- Education: Dagon University
- Occupation: democracy activist
- Organization: All Burma Federation of Student Unions
- Known for: 1998-2012 imprisonment
- Parent(s): Thaung Sein and San Myint

= Aye Aung =

Burmese democracy activist

Aye Aung (အေးအောင်, /my/; also known as Ko Aye Aung) is a Burmese democracy activist who was imprisoned from September 1998 to July 2012. Amnesty International designated him a prisoner of conscience.

Aye Aung is the son of Thaung Sein and San Myint. He studied physics at Dagon University, where he became active in the pro-democracy group All Burma Federation of Student Unions (ABFSU). On 12 September 1998, he was arrested along with Myo Min Zaw for distributing fliers and organizing student demonstrations in Yangon. Both Aye Aung and Myo Min Zaw alleged that they were subsequently tortured in custody. At a press conference on 8 October 1998, the government announced that they had discovered a plot by Myo Min Zaw to “create disturbances in support of the National League for Democracy demand to convene parliament and to object to the ongoing university and college examinations”. Aye Aung and Myo Min Zaw were reportedly denied legal representation at their trial, which was held in Insein prison; Amnesty International also argued that the fairness of their trial was compromised by the press conference given by Burmese officials, in which they presumed the guilt of the two detainees. Both men were found guilty, and the court ordered that the sentences for each charge must be served cumulatively, rather than concurrently. As a result, Aye Aung was sentenced to a 59-year prison term, which he is currently serving in Kale prison in Burma's northwestern Sagaing Region; Myo Min Zaw was sentenced to 52 years.

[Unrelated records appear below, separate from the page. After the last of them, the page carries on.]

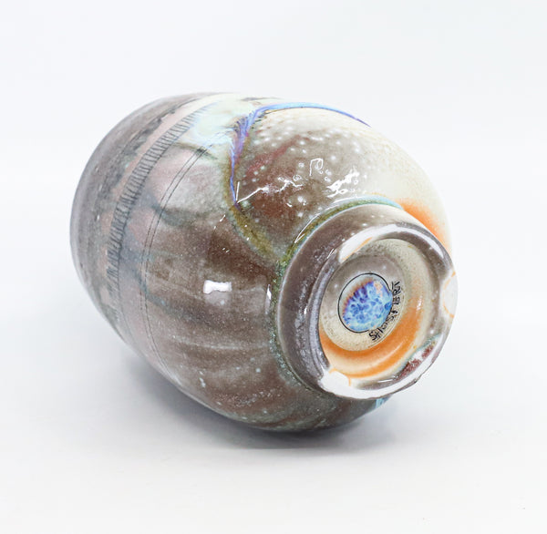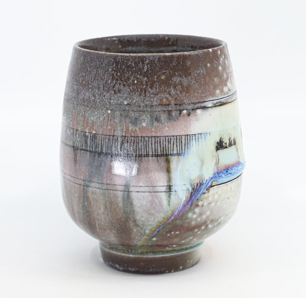 I threw this cup on the potters' wheel with porcelain, then hand carved it. I inlaid it with underglaze, decorated it with glaze, and soda fired it to cone 10.
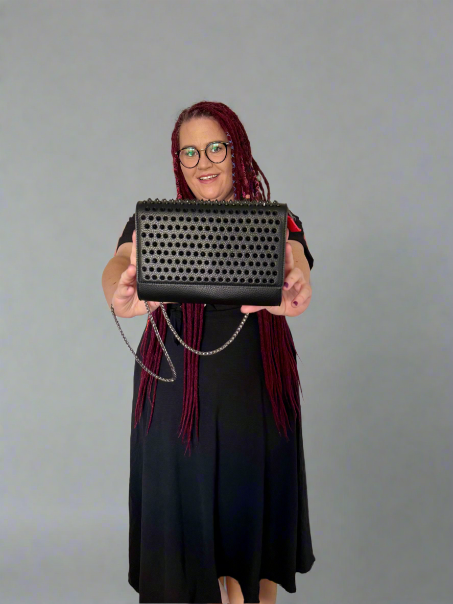 Introducing the Genevieve Stud Clutch Bag, your go-to evening accessory. With a striking red side detail, black stud frontage, this bag adds an elegant touch to any outfit. The silver zip fastening and removable chain offer convenience and versatility for any occasion. Elevate your style with this must-have clutch. Perfectly paired with our small gold hardware purse to keep all your belongings safe.
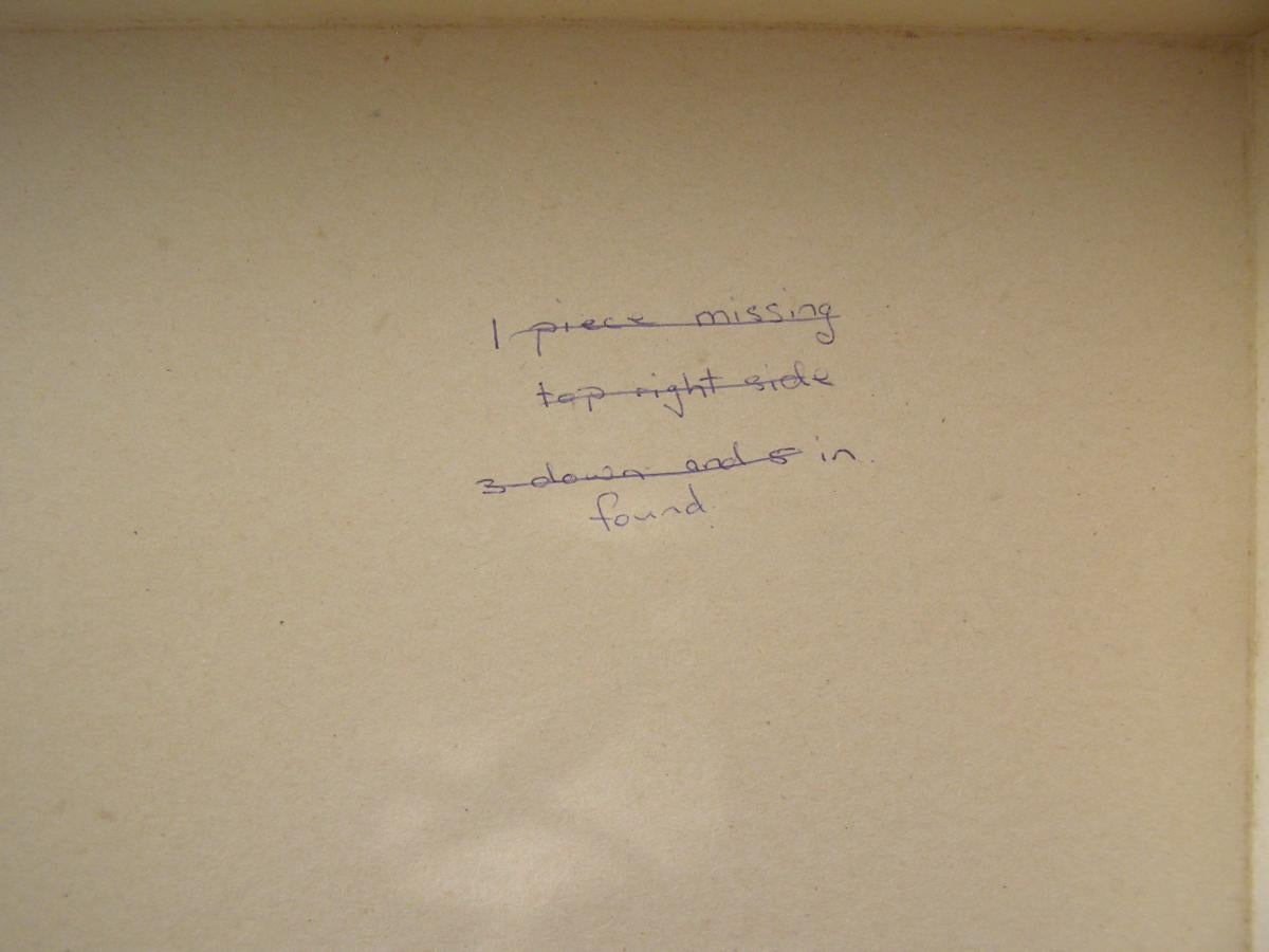 The box is rubbed along the edges and sellotape has torn some of the picture off the back of the base. There is writing on the inside of the lid.
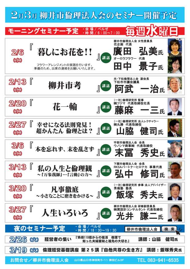 2019年2月1日(金) 2月-3月モーニングセミナー2ヶ月予定表
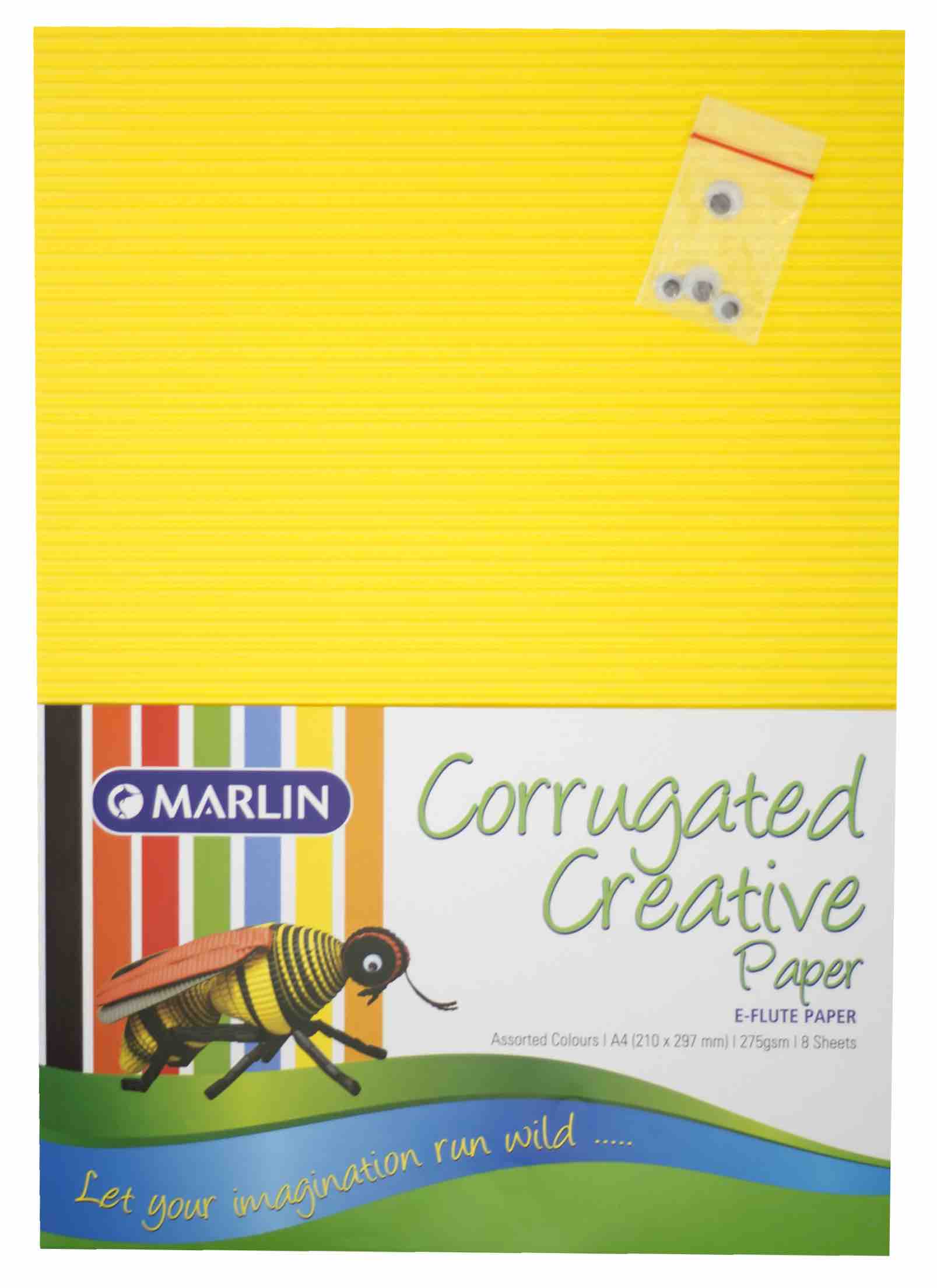 Marlin E-Flute Corrugated Paper 275g 8 assorted BRIGHT colour sheets

The Assistance Association for Political Prisoners has alleged that conditions of Aye Aung's imprisonment are poor. In January 2005, his family reported that he was suffering from malaria, which was being worsened by prison officials denying him blankets in the winter. His mother stated that he was also suffering from gastric disease and severe back pain due to prison conditions.

In January 2012, Myo Min Zaw and dozens of other political prisoners were released in a general amnesty. However, Aye Aung remained imprisoned without an official statement on his case. Aye Aung was released on 3 July 2012.